- _PROBLEM REQUIREMENTS_: Begin your copy at the line with "綜合臺(tái)灣媒體消息,日前林志玲與" in the records below and end it at the line with "Det charmerende sommerhus", restating each line word for word; omit the pictures.

- _DATA EXCERPTS_:
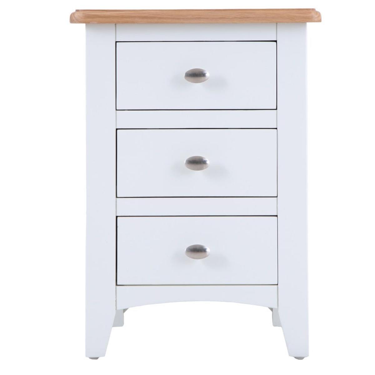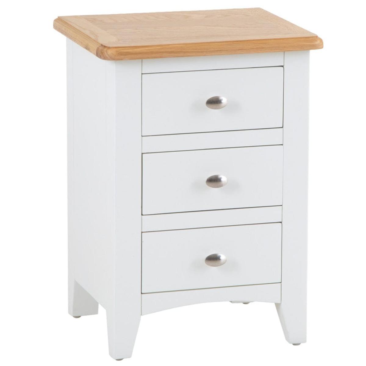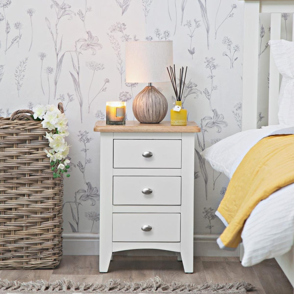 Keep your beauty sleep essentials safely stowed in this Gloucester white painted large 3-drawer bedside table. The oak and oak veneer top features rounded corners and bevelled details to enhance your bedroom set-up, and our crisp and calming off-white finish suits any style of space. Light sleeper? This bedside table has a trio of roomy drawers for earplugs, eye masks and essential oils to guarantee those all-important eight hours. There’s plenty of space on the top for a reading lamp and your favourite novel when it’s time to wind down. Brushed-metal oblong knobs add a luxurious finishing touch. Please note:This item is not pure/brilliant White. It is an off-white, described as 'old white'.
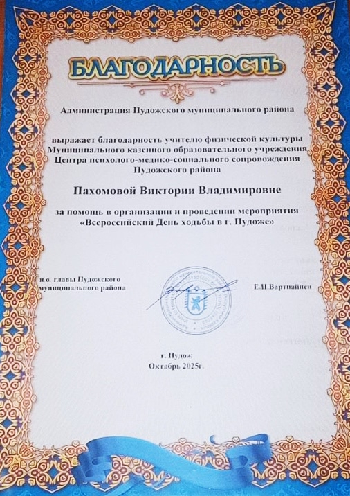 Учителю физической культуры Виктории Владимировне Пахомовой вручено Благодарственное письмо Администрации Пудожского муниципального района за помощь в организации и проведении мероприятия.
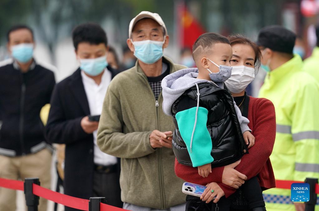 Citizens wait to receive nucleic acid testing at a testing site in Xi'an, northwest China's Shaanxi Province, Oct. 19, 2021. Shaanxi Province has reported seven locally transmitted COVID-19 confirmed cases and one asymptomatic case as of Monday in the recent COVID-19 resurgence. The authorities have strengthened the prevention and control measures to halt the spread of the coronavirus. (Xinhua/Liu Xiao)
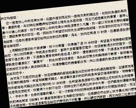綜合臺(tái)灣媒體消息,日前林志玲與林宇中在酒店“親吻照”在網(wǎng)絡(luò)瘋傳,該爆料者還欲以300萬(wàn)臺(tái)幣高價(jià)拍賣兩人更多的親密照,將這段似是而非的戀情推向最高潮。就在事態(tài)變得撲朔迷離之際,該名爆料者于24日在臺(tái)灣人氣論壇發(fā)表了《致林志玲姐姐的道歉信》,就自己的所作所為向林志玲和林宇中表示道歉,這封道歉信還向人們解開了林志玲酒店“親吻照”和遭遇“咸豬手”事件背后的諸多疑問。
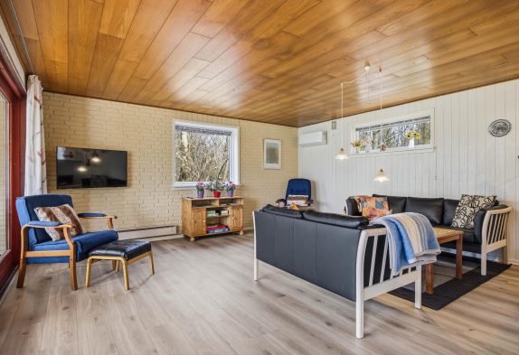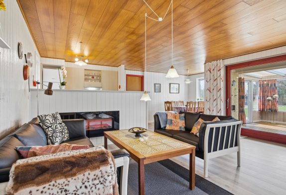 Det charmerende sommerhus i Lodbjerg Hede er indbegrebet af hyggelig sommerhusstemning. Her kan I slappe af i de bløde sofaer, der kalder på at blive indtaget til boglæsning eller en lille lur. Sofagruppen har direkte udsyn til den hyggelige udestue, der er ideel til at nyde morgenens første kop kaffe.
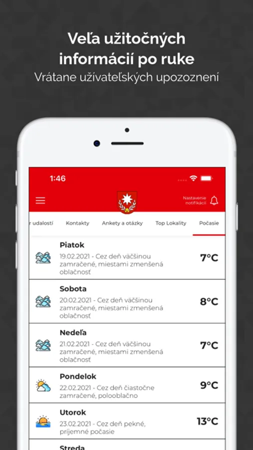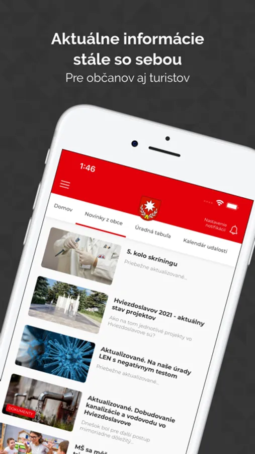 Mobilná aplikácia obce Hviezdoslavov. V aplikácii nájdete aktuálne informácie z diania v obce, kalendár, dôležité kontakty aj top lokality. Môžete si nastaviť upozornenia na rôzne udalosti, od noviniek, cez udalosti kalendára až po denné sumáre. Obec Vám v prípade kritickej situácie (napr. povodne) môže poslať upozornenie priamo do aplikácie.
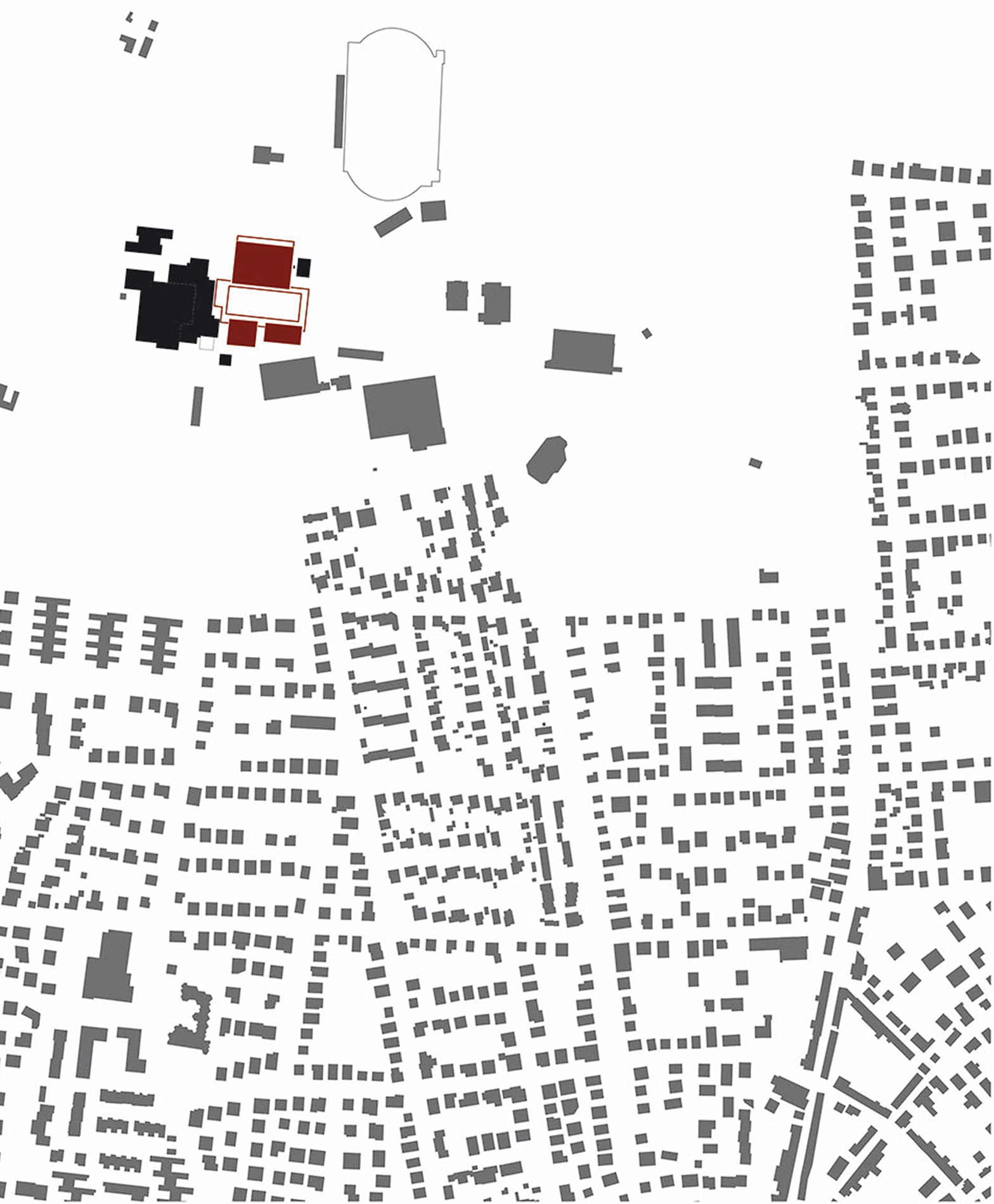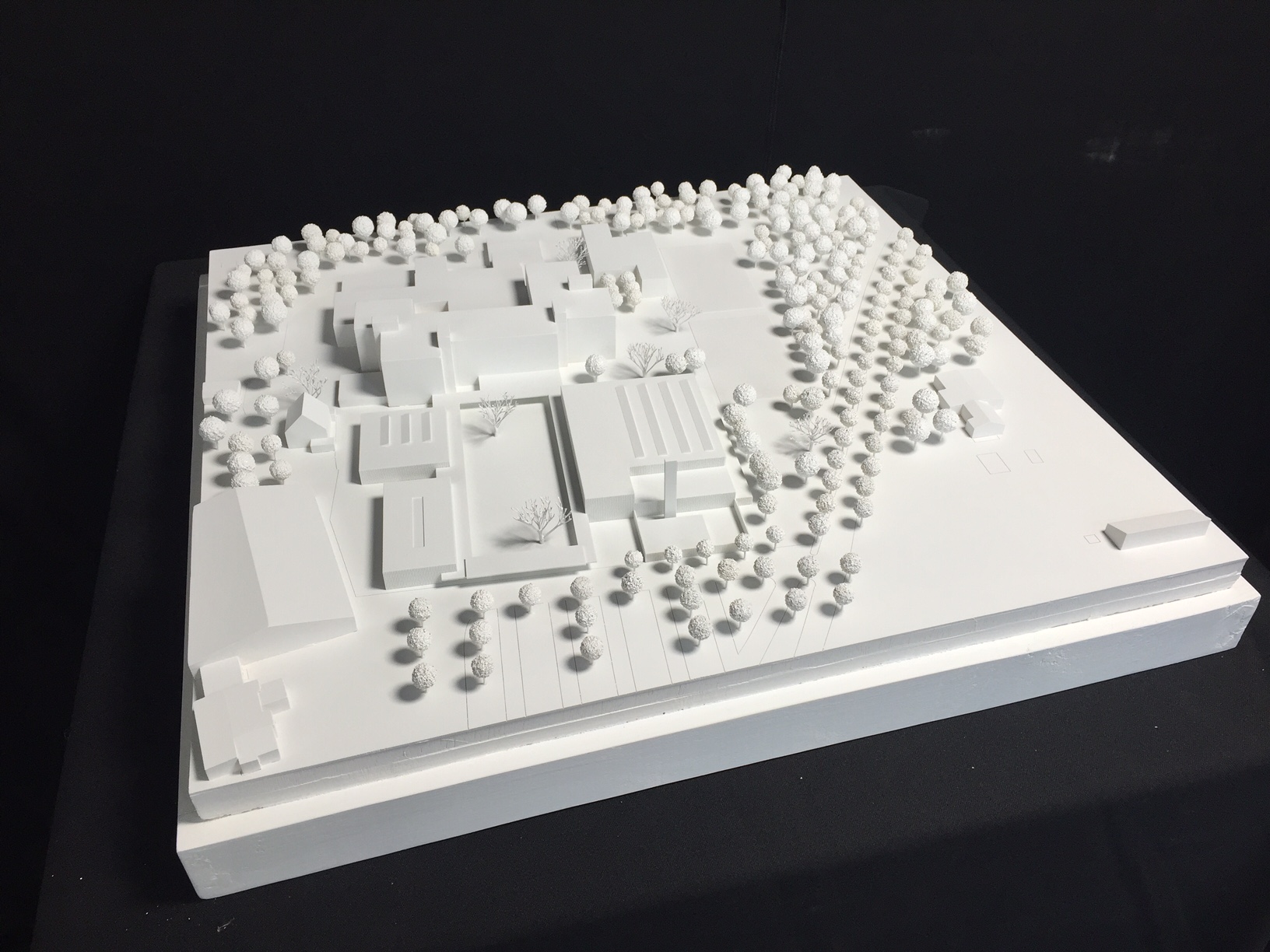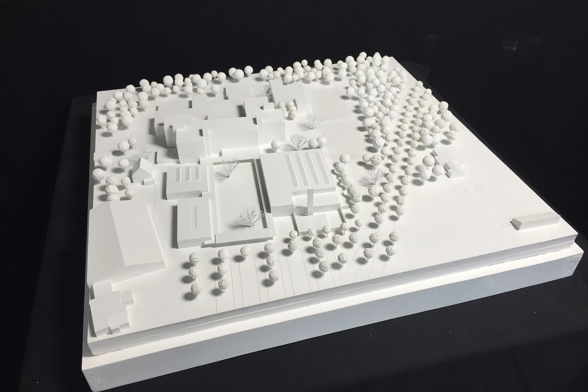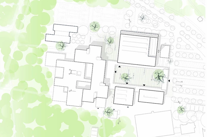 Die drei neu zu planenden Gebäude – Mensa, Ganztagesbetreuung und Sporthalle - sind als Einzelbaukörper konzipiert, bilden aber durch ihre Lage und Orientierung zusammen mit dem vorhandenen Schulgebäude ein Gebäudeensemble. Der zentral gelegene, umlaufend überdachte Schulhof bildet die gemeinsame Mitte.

- _RESULT_:
綜合臺(tái)灣媒體消息,日前林志玲與林宇中在酒店“親吻照”在網(wǎng)絡(luò)瘋傳,該爆料者還欲以300萬(wàn)臺(tái)幣高價(jià)拍賣兩人更多的親密照,將這段似是而非的戀情推向最高潮。就在事態(tài)變得撲朔迷離之際,該名爆料者于24日在臺(tái)灣人氣論壇發(fā)表了《致林志玲姐姐的道歉信》,就自己的所作所為向林志玲和林宇中表示道歉,這封道歉信還向人們解開了林志玲酒店“親吻照”和遭遇“咸豬手”事件背后的諸多疑問。
 Det charmerende sommerhus i Lodbjerg Hede er indbegrebet af hyggelig sommerhusstemning. Her kan I slappe af i de bløde sofaer, der kalder på at blive indtaget til boglæsning eller en lille lur. Sofagruppen har direkte udsyn til den hyggelige udestue, der er ideel til at nyde morgenens første kop kaffe.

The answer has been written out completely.